Webinar: Interpreting Canada’s Medical Assistance in Dying Legislation
The federal government passed legislation in June 2016 that allows eligible Canadians to request medical assistance in dying. But that legislation contains many terms that continue to generate uncertainty and confusion among patients and health care providers, and require clarification, say Jocelyn Downie and Jennifer Chandler in a recent report from the Institute for Research on Public Policy.In this webinar, the authors discuss some of the interpretative difficulties posed by the current legislation in determining eligibility and the solutions they propose to bring greater clarity to the process.
Jocelyn Downie is a member of the Council of Canadian Academies Expert Panel on Medical Assistance in Dying and a former member of the Royal Society of Canada Expert Panel on End-of-Life Decision Making, the Provincial-Territorial Expert Advisory Group on Physician-Assisted Dying and the pro bono legal team for the plaintiffs in Carter v.

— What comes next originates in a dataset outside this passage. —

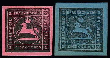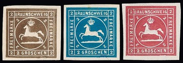 "8" (Braunschweig) auf drei Kabinettstücken 2 Sgr. (Mi. 380,-), sowie auf 3 Sgr. (kl. Mgl.)

Canada. She is a university research professor in the faculties of law and medicine at Dalhousie University and a member of the Dalhousie Health Law Institute.
Jennifer A. Chandler is a member of the Council of Canadian Academies Expert Panel on Medical Assistance in Dying. She holds the Bertram Loeb Research Chair and is a professor at the Centre for Health Law, Policy and Ethics, Faculty of Law, University of Ottawa.
France St-Hilaire is vice-president of research at the Institute for Research on Public Policy (IRPP). She oversees the Institute’s research agenda and coordinates certain projects on economic and social policy. France has written extensively on public finance, social policy and fiscal federalism. She has also coedited 13 IRPP volumes, including Income Inequality and The Canadian Story (2016).